There’s a long-held belief out there that MCP’s are bad, and that you should actually use CLI’s instead, if you want to save on token spend when it comes to LLM tool use. To me that argument never really made any sense, because you still have to provide the LLM context so it knows what CLI to run, how to run it and how to interpret the result of it. Things that the MCP does for you. How come the CLI takes fewer tokens?

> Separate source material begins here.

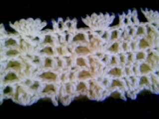 ブルーの毛糸のストックが心細くて、模様編み部分をオフホワイトにしたんだけど

Sure, there’s probably some communication overhead, but I can’t see how it would be something significant enough to entirely forgo the benefits of a standardized communication protocol that is the MCP and to instead favor the wild west of self-made CLI integrations, which are more costly to create and to maintain, because you have to make those, whereas MCP servers are ready-made for LLM integration.

Talk is cheap: experiment time

Instead of talking in hypotheticals, let’s run an actual experiment, shall we? At work I help build the CodeScene CodeHealth MCP, and it has a tool called code_health_review. Simply put, it takes a file and analyses its code health.

What it does is not all that important, but what is important is that this MCP tool is just a thin wrapper over the CodeScene CLI’s cs review {file} call, which makes it ideal to use for our experiment.

I will be using the exact same context for the CLI test as is in the MCP’s tool description, that way the context the LLM has is identical in knowing what input it needs to give and what output it can expect, and the only difference we should see is what we’re actually interested in - the communication overhead difference between the MCP and the CLI.

For this test I’ve created a little script that uses Claude Sonnet 4.6.

The MCP approach is to run the code_health_review tool with full description + JSON schema input_schema in the tools array, have the LLM emit a tool_use block with {"file_path": "/path/to/repo/calculator.py"}, return the tool result and have the LLM summarize.

The CLI approach is to use the equivalent instructions of the MCP in the system prompt (how to run cs review, what it returns, score interpretation), have a generic bash tool in tools array for command execution, have the LLM emit a tool_use block with ‌{"command": "cs review --output-format=json /path/to/repo/calculator.py"}, return the tool result and have the LLM summarize.

Experiment result: no difference

Based on this little experiment it seems my gut feeling was right - there’s no significant difference between the MCP and the CLI when it comes to direct tool calling.

The MCP used 5 fewer input tokens on the initial request (900 vs 905). It seems Anthropic’s internal tool schema representation is approximately the same cost as equivalent free-form text in a system prompt.

The per-call overhead is negligible. The assistant’s tool call + the tool result being appended to the context took 2 additional tokens over the CLI (93 for the MCP vs 91 for the CLI).

The MCP tool definition (name + description + JSON schema) seems to tokenize to roughly the same as equivalent system prompt instructions + a bash tool definition. The JSON schema structure of the MCP (type, properties, required) is offset by the CLI approach needing both the instructional text AND a generic bash tool definition.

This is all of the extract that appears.